Prime Minister Theresa May tweeted: "My thoughts are with residents being evacuated in Camden while their homes are made safe tonight.
"We will work with and support the emergency services and relevant authorities to safeguard the public.
"Have asked @sajidjavid to keep me regularly updated & ensure we are offering every support we can to residents & those working onsite."
Camden Council said the blocks were being door-knocked one at a time for safety reasons, starting at Taplow then working through Burnham, Bray, Blashford and Dorney.
A spokesman added that residents would be allowed in at the weekend to collect more possessions "under escort from the London Fire Brigade" and recommended people pack enough belongings for a two-to-four-week stay.
Hampstead and Kilburn Labour MP Tulip Siddiq backed the Labour council's decision as "the right thing".

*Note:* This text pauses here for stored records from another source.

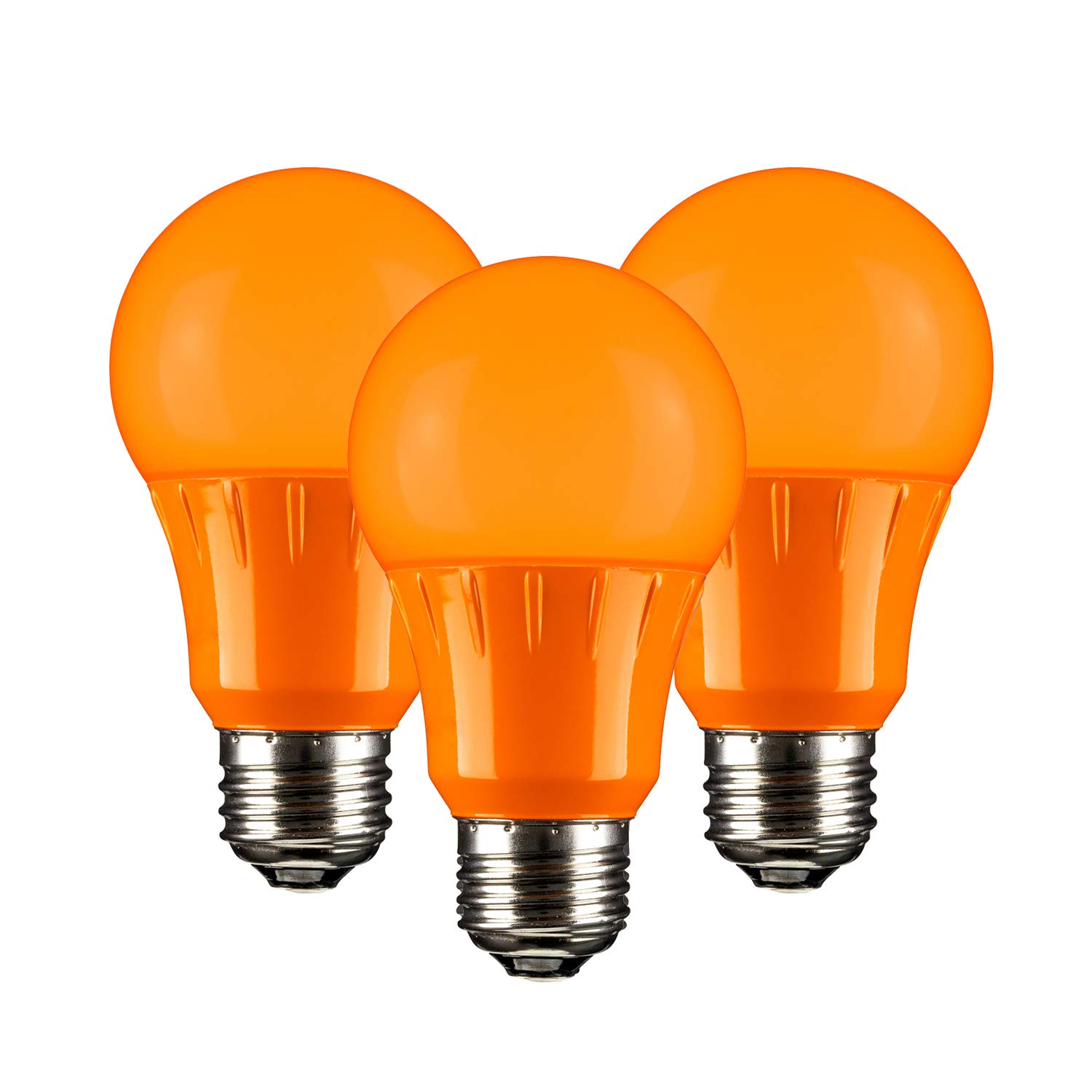 These non-dimmable colored light bulbs replace incandescent bulbs. They feature an A19 form with a medium E26 base. Typically used for party decorating, residential illumination, and holiday illumination. Even while in use, they stay cold to the touch.
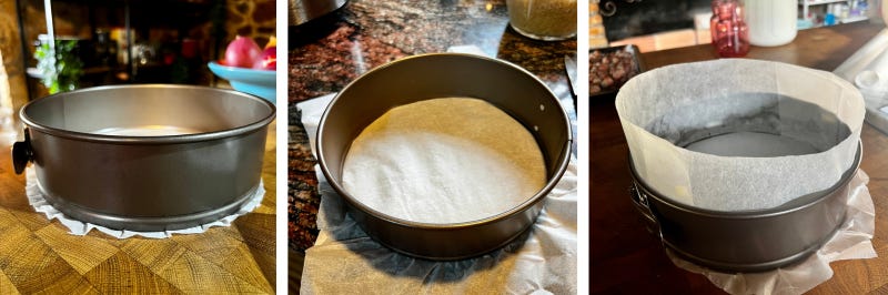 Forra la base del molde desmontable con papel de horno, encájalo en la ranura y pon el cierre de manera que el papel quede sujeto. Recorta parte del sobrante que salga por los lados.
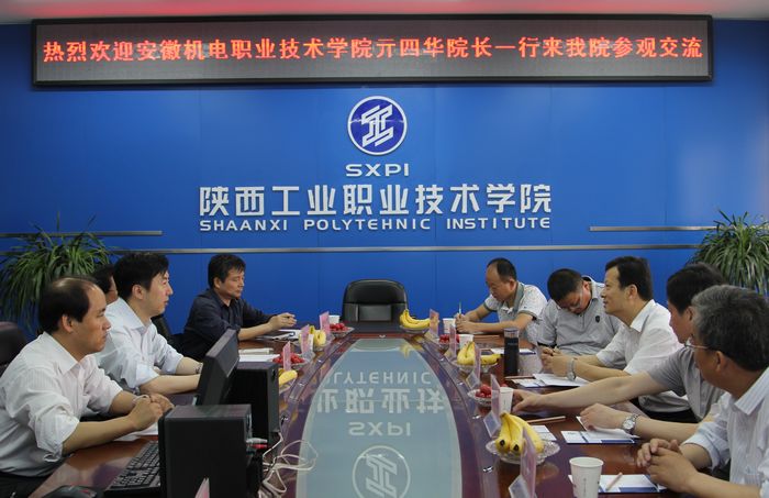 5月7日,安徽机电职业技术学院亓四华院长、组织人事处处长朱周义、校企合作处处长杨善义等一行5人来我院交流工作。
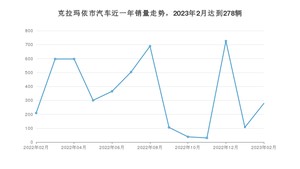2023年2月,克拉玛依市汽车总销量为278辆,同比增长33.01%,环比增长162.26%。2022年02月-2023年02月份,克拉玛依市总销量为4544辆,同比下降59.22%。在最近1年中,克拉玛依市销量在2022年12月达到最高,销量为726辆。
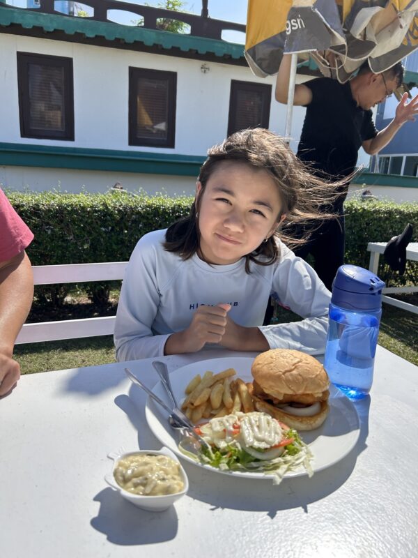 Joe and I fully expected the girls’ dishes to be too big for them, and for us to have their leftovers to add to our own lunch, but no such luck today. Our salad arrives, and it’s literally a small crab, deep fried in all its soft shelled glory, but it’s lettuce leaves and shaved cucumbers, which are NOT very heavy, and we share liberally with the lawn. The wind is adamant we are not having a full salad today.
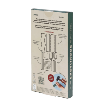 This kit includes everything you need to create one-of-a-kind bookmarks by stamping quotes from your favourite book, special dates or the name of a loved one.
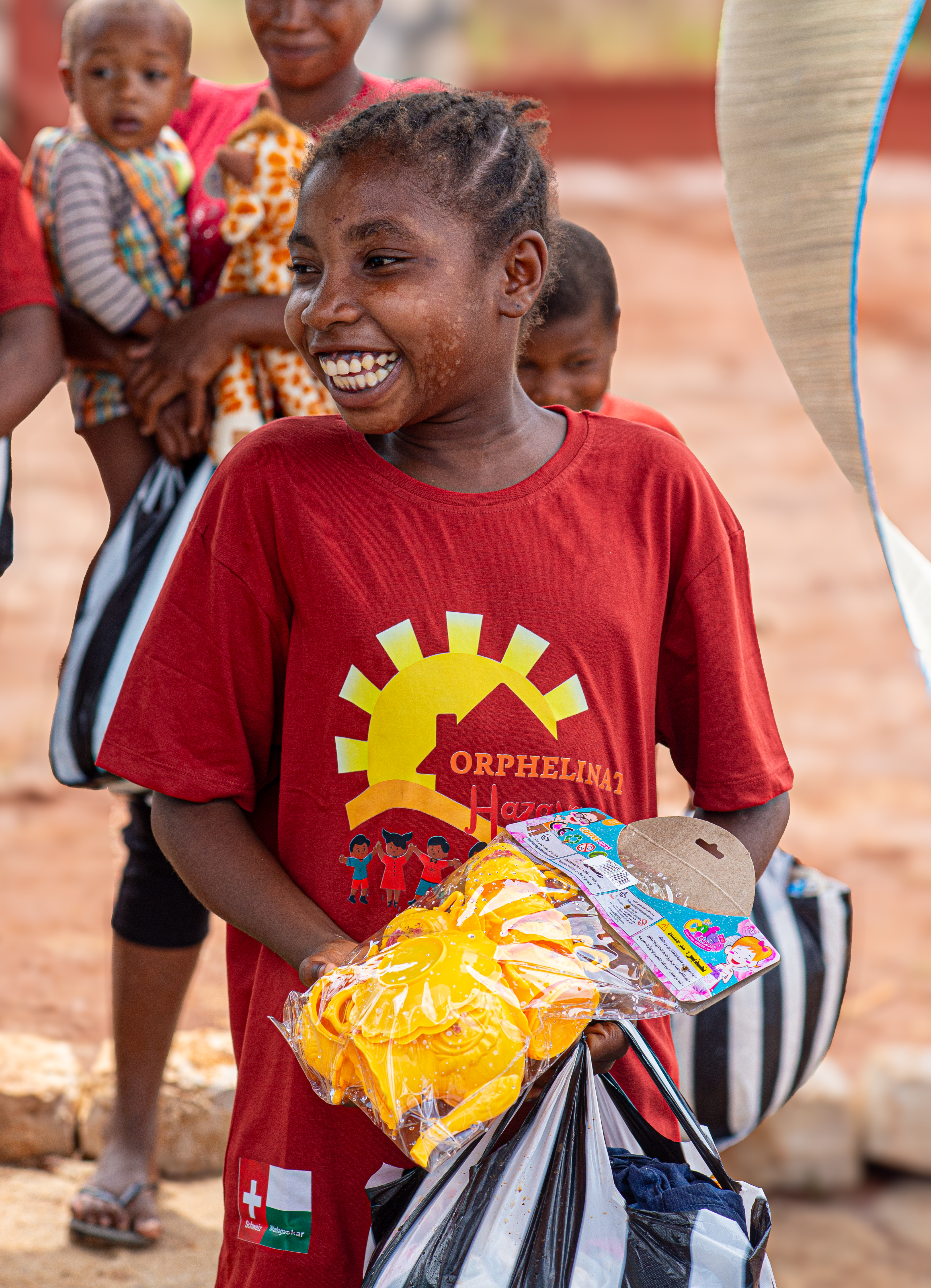 “Thanks to the many donations, we were able to give the children new clothes and Christmas gifts. What could be more beautiful than seeing those children’s eyes shining with joy. A beautiful and grateful day for the children of Orphelinat Hazavana. A big thank you to everyone.”
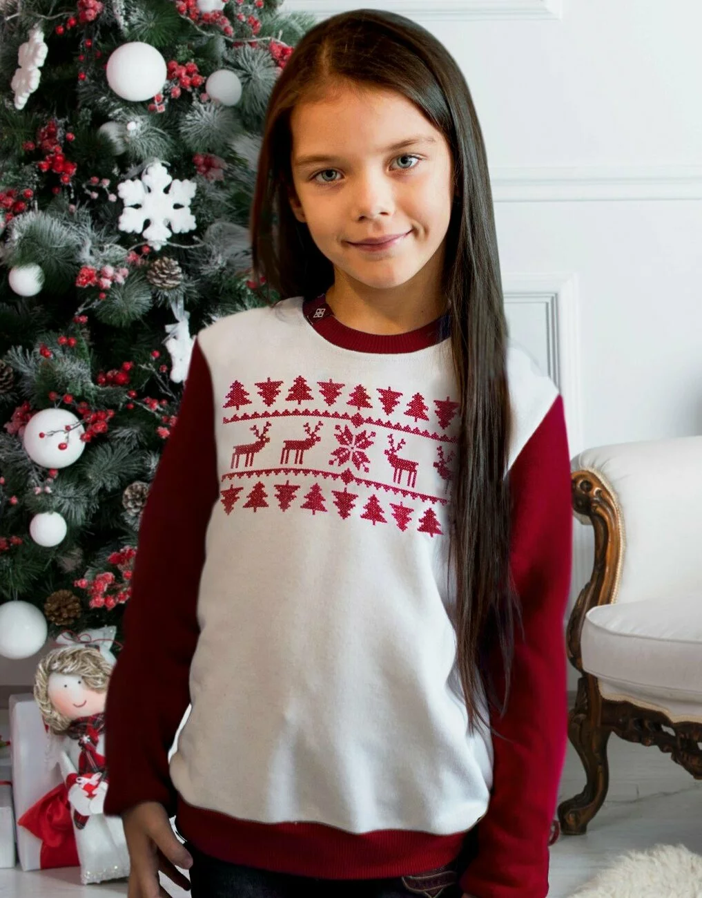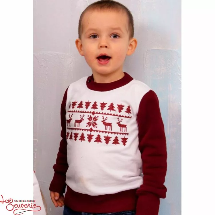 Дитячий стильний теплий світшот із яскравим зображенням на білому тлі із бордовими рукавами від гуртівні Leosouvenir чудово зігріє Вашу дитину у холодну погоду.
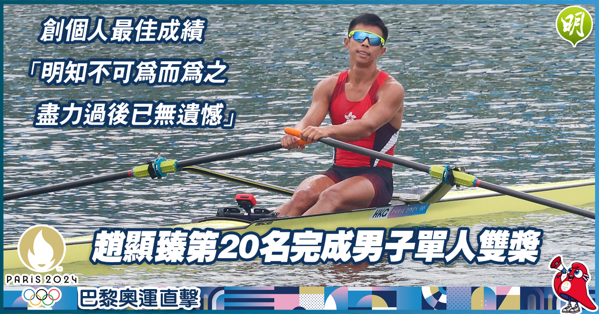 巴黎奧運直擊|港將趙顯臻第20名完成男子單人雙槳創個人最佳:明知不可為而為之已無憾 (19:33)
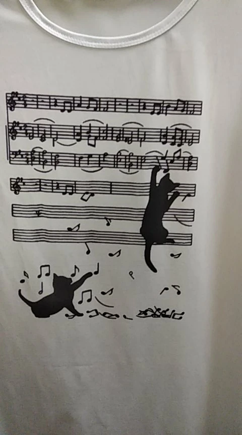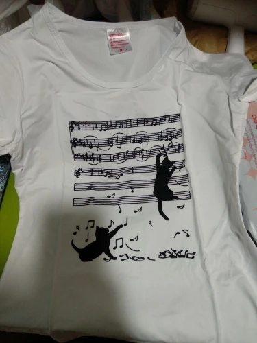 Новинка, Забавные футболки с принтом музыкальных нот с черной кошко...
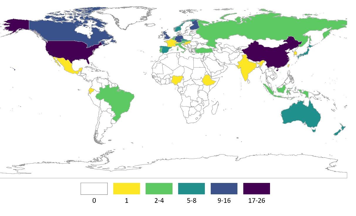 En la publicación de los artículos participaron autores de 34 países, de los cuales China y Estados Unidos de América reúnen el mayor número de publicaciones: 26 y 21 artículos, respectivamente. También, destacan Finlandia, Alemania, Reino Unido y Canadá, que en conjunto con China y Estados Unidos de América representan 57 % de todos los artículos analizados en el presente estudio (Figura 4).
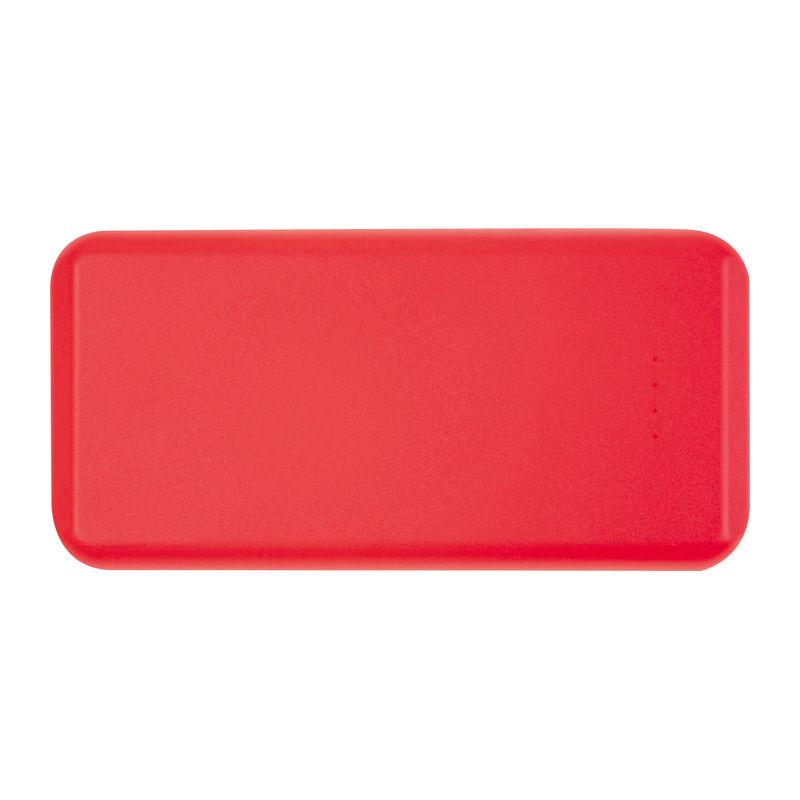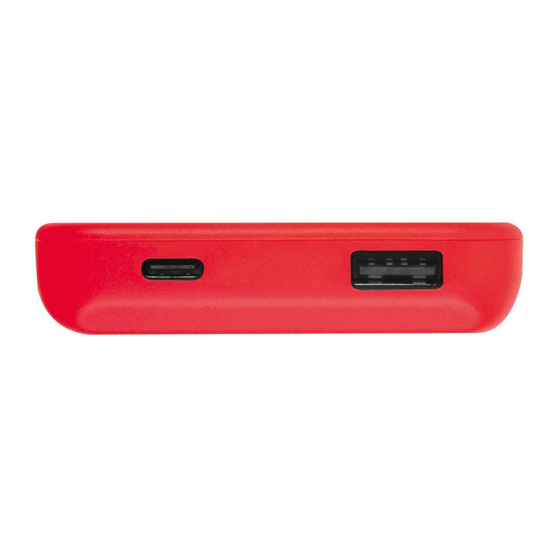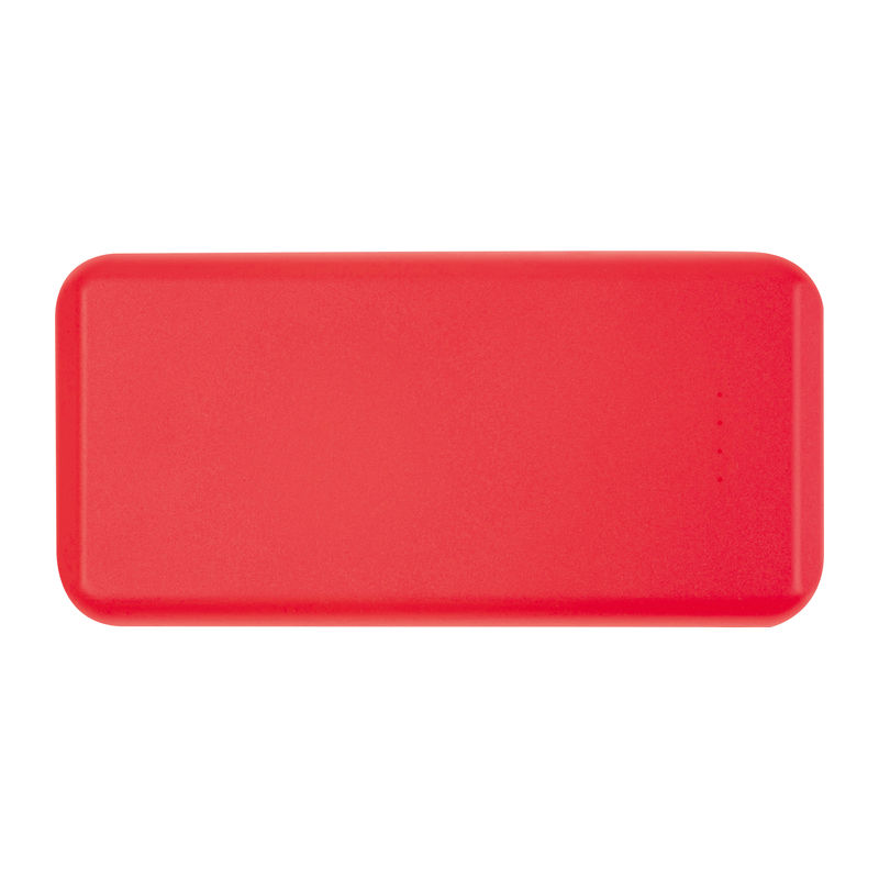 Power bank (10,000 mAh) made of recycled plastic (RABS) with two ports: USB-C in/out 5V/2.1A and USB-A out 5V/2.1A. Includes 50 cm charging cable.
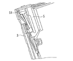さらにカードをコネクタ1に挿入してゆくと、スライダ5の斜面57がカードの傾斜部13と当接し(図9参照)、コイルスプリング7を押し縮めながらスライダ部5が挿入方向に移動してゆく。このとき、ガイドピン51の先端部53がレール溝33のスロープ33bを登ってゆく状態を示したのが図9である。
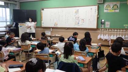 2年生は、道徳の「ありがとうって言われたよ」のお話を読み、3回も「ありがとう」と言われたことを家に帰ってお母さんに話すぼくの気持ちを考えることを通して、人に親切にすることの喜びに気付き、進んで親切にしようとすることの大切さについて考えました。
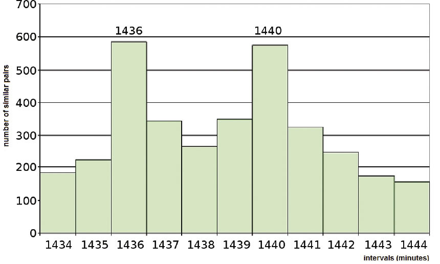 Shnoll refined his histogram intervals to minutes rather than hours, as shown in Figure 9, and compared them (he took one-second counts of decay, and made histograms of 60 different counts, amounting to one minute). When he did this, his 24-hour peak clearly separated into two peaks: one at 24 hours (1440 minutes) and one four minutes earlier (1436 minutes), exactly corresponding to the time it takes any particular place on Earth to come back to the same star (or seen inversely, for a star to come back to the same place in the sky).
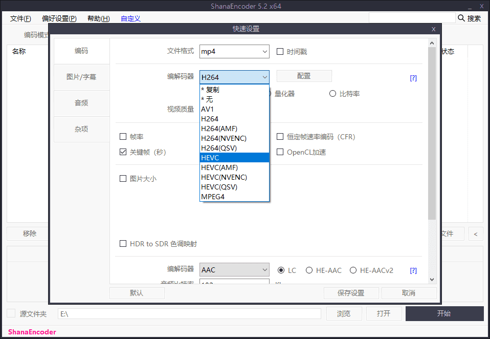 ShanaEncoder,H265高清视频编码压制软件,堪称最强视频压制软件,支持CPU多线程和GPU加速,转换速度快清晰度高,B站指定压制工具。ShanaEncoder是由韩国人基于FFmpeg开发的一款音视频编码程序,支持H.264解码器编码、Unicode编码,采用自定义命令行方式快速设置参数配置,压制H265编码视频时,编解码器NVENC的速度最快,但同码率下视频质量较差,其次是QSV的速度,视频画质质量不错推荐。
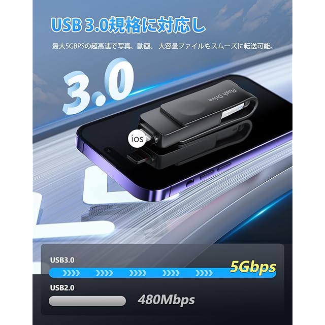 【高速データ移行】USB2.0により、USB3.0の方はデータ転送速度が速く、同じ枚数の写真を選択した場合、USB3.0の方はデータのバックアップが速く、時間も大幅に短縮されます。データは写真や動画だけでなく、各種ファイルや書籍資料、音楽データなどもUSBメモリーに移行して保存できます。ビッグデータ時代に、より速く、より安定して、より便利さを追求しながら、幸せを高める物づくりにこだわり続けています。USBメモリはデータを保存するものだけでなく、美しい思い出や幸せな瞬間を保存してくれるものだと思います。
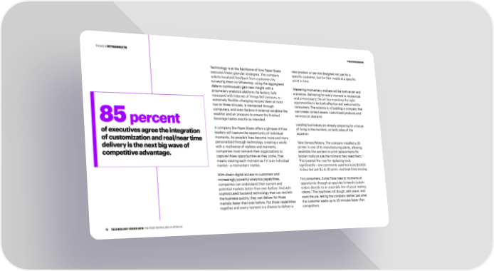 Trend 5 MYMARKETS #TECHVISION2019 Technology is at the backbone of how Paper Boats new product or service designed not just for a executes these granular strategies. The company specific customer, but for their needs at a specific solicits localized feedback from customers by point in time. surveying them on WhatsApp, using the aggregated data to continuously gain new insight with a Mastering momentary markets will be both an art and proprietary analytics platform. Its factory, fully a science. Delivering for every moment is impractical equipped with Internet of Things (IoT) sensors, is and unnecessary; the art lies in picking the right extremely flexible: changing recipes takes at most opportunities to be both effective and welcomed by two to three minutes, is transacted through consumers. The science is in building a company that computers, and even factors in external variables like can create context-aware, customized products and weather and air pressure to ensure the finished services on demand. 85 percent beverage tastes exactly as intended. Leading businesses are already preparing for a future of executives agree the integration A company like Paper Boats offers a glimpse of how of living in the moment, on both sides of the leaders will capture the opportunity of individual equation. of customization and real/near time moments. As people’s lives become more and more personalized through technology, creating a world Take General Motors. The company installed a 3D delivery is the next big wave of with a multiverse of realities and moments, printer in one of its manufacturing plants, allowing competitive advantage. companies must reinvent their organizations to assembly line workers to print replacements for 2 capture those opportunities as they come. That broken tools on-site the moment they need them. means viewing each moment as if it is an individual This lowered the cost for replacing tools market—a momentary market. significantly—one commonly-used tool cost $3,000 to buy but just $3 to 3D print—and kept lines moving. With direct digital access to customers and increasingly powerful analytics capabilities, For consumers, Zume Pizza rises to moments of companies can understand their current and opportunity through an app that forwards custom potential markets better than ever before. And with orders directly to an assembly line of pizza-making 3 sophisticated backend technology that can reorient robots. The machines roll dough, add sauce, and the business quickly, they can deliver for those cook the pie, letting the company deliver just what markets faster than ever before. Put those capabilities the customer wants up to 20 minutes faster than together and every moment is a chance to deliver a competitors. 75 TECHNOLOGY VISION 2019 THE POST-DIGITAL ERA IS UPON US
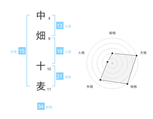 中畑 十麦さんを姓名の画数から五運を鑑定

She said: "If you think someone's in danger, especially in light of Grenfell, you take the first decision even if it's not ideal.
"Off the back of the meeting we had last night in which lots of residents raised concerns, Camden Council and London Fire Brigade did the right thing which was to carry out the safety checks.
"Once they'd checked out the internal machinery they decided that the buildings are not fit for purpose.
"So they've made a decision that couldn't have been easy for the council to rehouse the 800 households that we have.
"It may seem dramatic to some people but if you are in a position of responsibility then I think it's the right decision to make."
She said that all the hotels booked for residents were so far within the borough."